Man this sucks! What do I do now?!?


----------



## theman69 (Mar 11, 2008)

hey wait what about the  
	

	
	
		
		

		
		
	


	




  blank smiley


----------



## shaunj66 (Mar 11, 2008)

I don't know where he could have gotten to.. I'll have to look into it


----------



## CockroachMan (Mar 11, 2008)

Already done it.. http://gbatemp.net/index.php?showtopic=77215

Give us the old "unsure" back!


----------



## coolbho3000 (Mar 11, 2008)

Bow to the mighty OLD UNSURE smiley!!


----------



## DarkAura (Mar 11, 2008)

I like the old one better.  New board maybe got rid of it and put this one in.


----------



## Salamantis (Mar 11, 2008)

I prefer the old one


----------



## Xarsah16 (Mar 25, 2008)

I think the new one is cuter.


----------



## Psyfira (Mar 25, 2008)

I miss him too 
	

	
	
		
		

		
		
	


	




 The old one looks like he's pondering something, works well for thinking something over, sarcasm or scepticism.

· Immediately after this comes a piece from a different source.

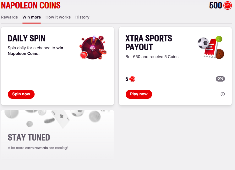 Xtra Payout is the loyalty program at Napoleon Games that lets you earn coins while you play. Coins are awarded automatically and can be used in the Coin Shop for various rewards.

The new one looks genuinely worried, unsettled and a lot more serious.
In conclusion: can we have both?


----------



## Twiffles (Mar 25, 2008)

Psyfira said:
			
		

> In conclusion: can we have both?


Yes, I agree. Both would be awesome!


----------



## CockroachMan (Mar 25, 2008)

Both would be a good solution.. http://i18.photobucket.com/albums/b127/sal...e502/unsure.gif


----------